–¿No puede decirme cuántos hombres hay a bordo? ¿Diez, veinte, cincuenta, cien?
–No puedo decírselo, Ned. Pero, créame, abandone por el momento la idea de apoderarse del Nautilus o de huir de él. Este barco es una obra maestra de la industria moderna y yo lamentaría no haberlo visto. Son muchos los que aceptarían de buen grado nuestra situación, aunque no fuese más que por contemplar estas maravillas. Así que manténgase tranquilo, y tratemos de ver lo que pasa en torno nuestro.
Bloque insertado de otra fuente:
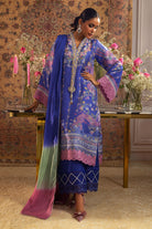 Crafted from exquisite pure raw silk in stunning shades of blue and lilac, this outfit showcases intricate zardozi embroidery along the neckline, embellished with pearls and gota. The hem is further enhanced by an embroidered panel. Accompanying this ensemble is a complimentary raw silk izaar, adorned with gota details and an embroidered panel at the hem. Additionally, the outfit is complemented by a luxurious ombre dupatta, culminating in a striking and unforgettable appearance.
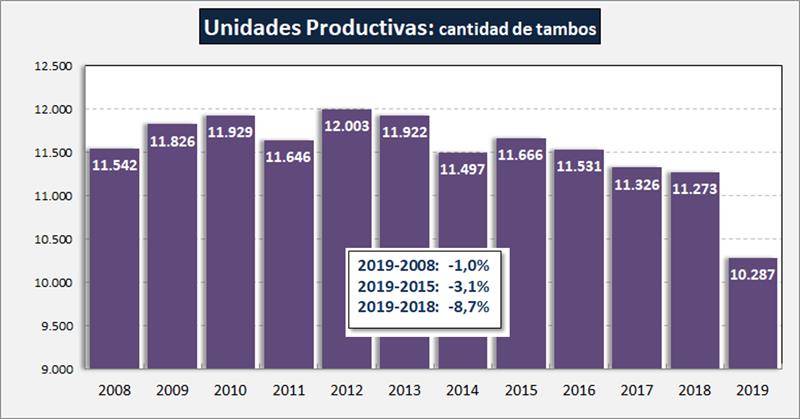 Respecto al número de Unidades productivas a marzo de 2019 son 10.287 tambos, si a eso le restamos ese 4,4% mencionado como error de relevamiento, nos da un valor de 9.830 unidades productivas. Este es un número de inicios del año 2019, con lo que con la tasa de cese que se viene dando, es dable suponer un 2% de caída en los meses transcurridos, con lo cual el valor se va a 9.600 tambos.
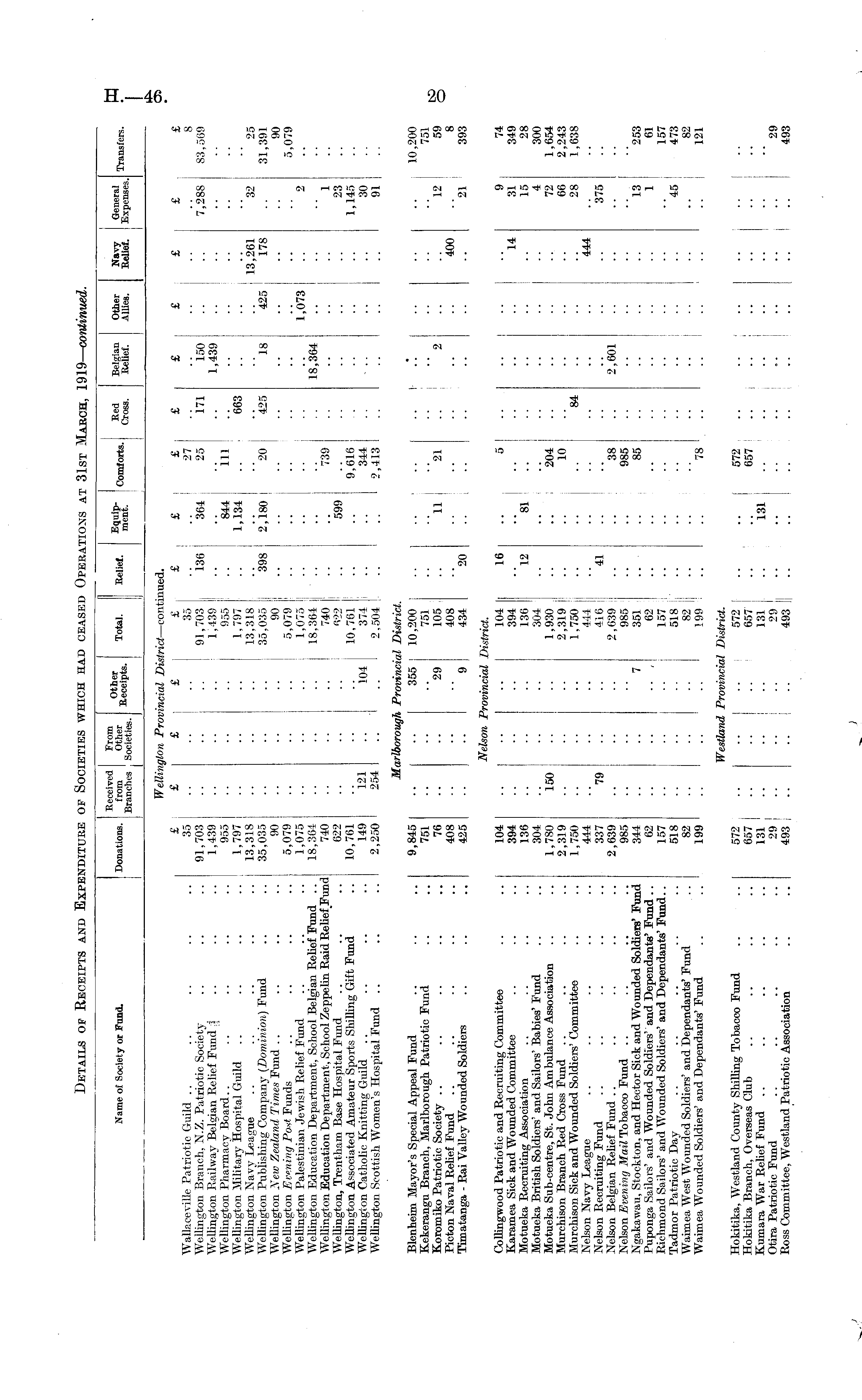 Name of Society or Fund. Donations. Received From from I Other Branches , Societies. Other Receipts. Total. ' BeHel Equip- Com{orts . Red Belgian Other Navy General t ment. | v -""" v,x "=- Cross. Relief. Allies. Relief. Expenses. +'•"""**'■ 1 WallaceviUe Patriotic Guild Wellington Branch, N.Z. Patriotic Society Wellington Railway Belgian Relief Fund i Wellington Pharmacy Board WeUington Military Hospital Guild Wellington Navy League WeUington Publishing Company (Dominion) Fund WeUington New Zealand Times Fund Wellington Even ing Post Funds WeUington Palestinian Jewish Relief Fund Wellington Education Department, School Belgian ReUef Fund .. WeUington Education Department, School ZeppeUn Raid ReUef Fund Wellington, Trentham Base Hospital Fund WeUington Associated Amateur Sports Shining Gift Fund WeUington Catholic Knitting Guild Wellington Scottish Women's Hospital Fund £ 35 91,703 1,439 955 1,797 13,318 35,035 90 5,079 1,075 18,364 740 622 10,761 149 2,250 Wellington Provincial District —continued. £ £ £ £ 1 £ , 35 1 91,703 136 1,439 955 1,797 13,318 35,035 398 90 5,079 1,075 18,364 740 10,701 121 .. 104 374 ; 254 ... .. 2.504 £ £ 27 364 25 844 ill 1,134 2 |180 20 .. 739 599 9,616 344 2,413 £ 171 663 425 £ 150 1,439 18 18,364 £ £ '.'. 13J261 425 178 '.'. £ £ 7,288 83,569 "32 25 31,391 90 5,079 2 23 1,145 30 91 Blenheim Mayor's Special Appeal Fund Kekerangu Branch, Marlborough Patriotic Fund Koromiko Patriotic Society Picton Naval ReUef Fund Timatanga - Rai Valley Wounded Soldiers 9,845 751 76 408 425 Marlborough Provincial District. 355 10,200 751 29 105 j 408 9 434 20 11 21 I- ' 2 400 10,200 751 12 59 21 393 Nelson Provincial District. CoUingwood Patriotic and Recruiting Committee Karamea Sick and Wounded Committee Motueka Recruiting Association Motueka British Soldiers' and Sailors' Babies' Fund Motueka Sub-centre, St. John Ambulance Association Murchison Branch Red Cross Fund Murchison Sick and Wounded Soldiers' Committee Nelson Navy League Nelson Recruiting Fund .. .. .. .. Nelson Belgian ReUef Fund Nelson Evening Mail Tobacco Fund Ngakawau, Stockton, and Hector Sick and Wounded Soldiers' Fund Puponga Sailors' and Wounded Soldiers' and Dependants' Fund .. Richmond Sailors' and Wounded Soldiers' and Dependants' Fund.. Tadmor Patriotic Day Waimea West Wounded Soldiers' and Dependants' Fund Waimea Wounded Soldiers' and Dependants' Fund .. .. ' 104 394 136 304 1,780 2,319 1,750 444 337 2,639 985 344 62 157 518 82 199 104 16 394 136 12 304 150 .. .. 1,930 2,319 1,750 444 .. 79 .. .. 416 : 41 2,639 j 985 7 351 .. , 62 .. 157 518 ". '.. 82 I .. 199 5 81 .. '.'. 204 10 '.'. "38 985 85 78 84 2,601 14 444 9 74 31 349 15 28 4 300 72 1,654 66 2,243 28 1,638 375 13 253 1 61 157 45 473 82 ..| 121 Hokitika, Westland County Shilling Tobacco Fund .. Hokitika Branch, Overseas Club Kumara War ReUef Fund Otira Patriotic Fund Ross Committee, Westland Patriotic Association 572 657 131 29 493 Westland Provincial District. .. I .. 572 ! 657 ! 131 ' 29 ! '.'. .'. '.'. 493 I! '.'. 572 657 131 .. 29 493
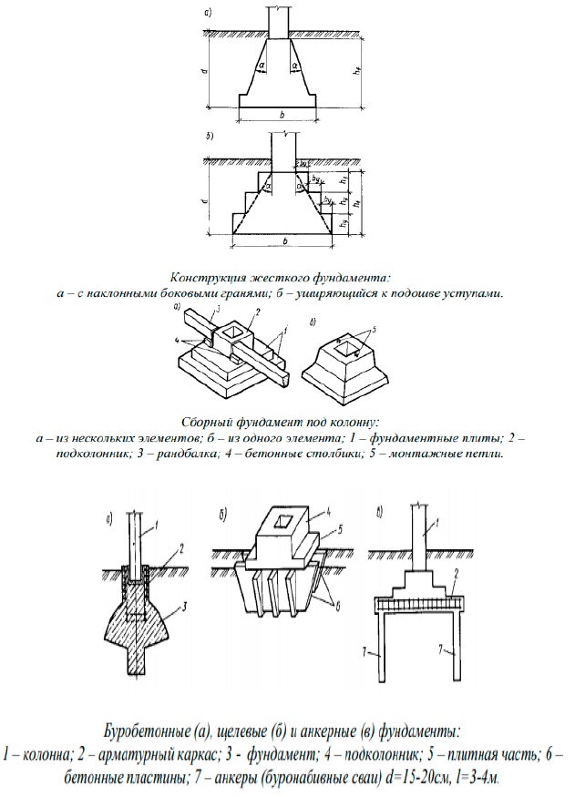 - отдельно стоящие фундаменты (строения с полным или неполным каркасом);

–¿Ver? –dijo el arponero–. ¡Pero si no se ve nada! ¡Si no puede verse nada en esta prisión de acero! Navegamos como ciegos...
No había acabado Ned Land de pronunciar estas últimas palabras, cuando súbitamente se hizo la oscuridad, una oscuridad absoluta. El techo luminoso se apagó, y tan rápidamente que mis ojos sintieron una sensación dolorosa, análoga a la que produce el paso contrario de las profundas tinieblas a la luz más brillante.
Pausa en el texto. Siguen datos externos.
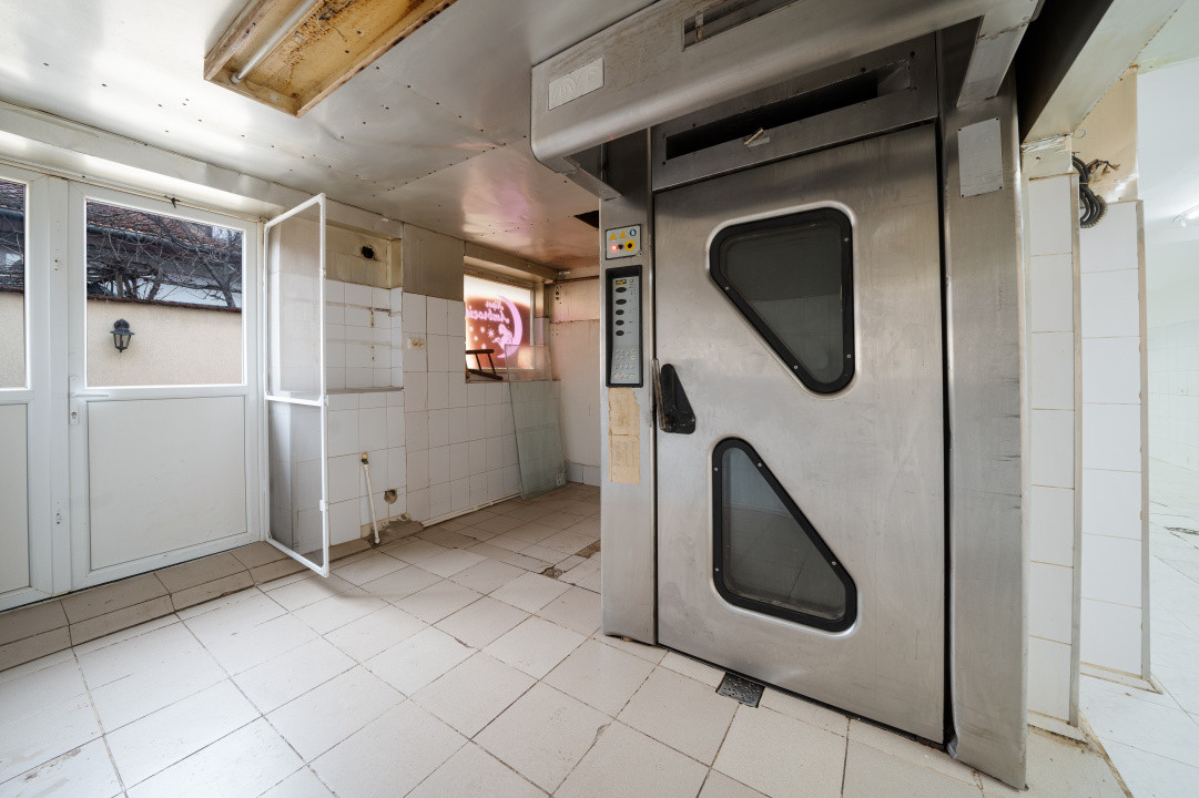 Proprietatea a funcționat anterior ca spațiu de producție pentru produse de panificație și patiserie, fiind adaptată pentru obținerea autorizațiilor necesare desfășurării activității, cu organizare eficientă a fluxului de marfă, zonă dedicată vestiarelor pentru angajați, grup sanitar, alimentare cu curent trifazic 380V pentru echipamente profesionale și cuptoare industriale

Nos habíamos quedado mudos e inmóviles, no sabiendo qué sorpresa, agradable o desagradable, nos esperaba. Se oyó algo así como un objeto que se deslizara. Se hubiera dicho que se maniobraba algo en los flancos del Nautilus.
–Es el fin del final –dijo Ned Land.
–Orden de las hidromedusas –se oyó decir a Conseil.
Súbitamente, se hizo la luz a ambos lados del salón, a través de dos aberturas oblongas. Las masas líquidas aparecieron vivamente iluminadas por la irradiación eléctrica. Dos placas de cristal nos separaban del mar. Me estremeció la idea de que pudiera romperse tan frágil pared. Pero fuertes armaduras de cobre la mantenían y le daban una resistencia casi infinita.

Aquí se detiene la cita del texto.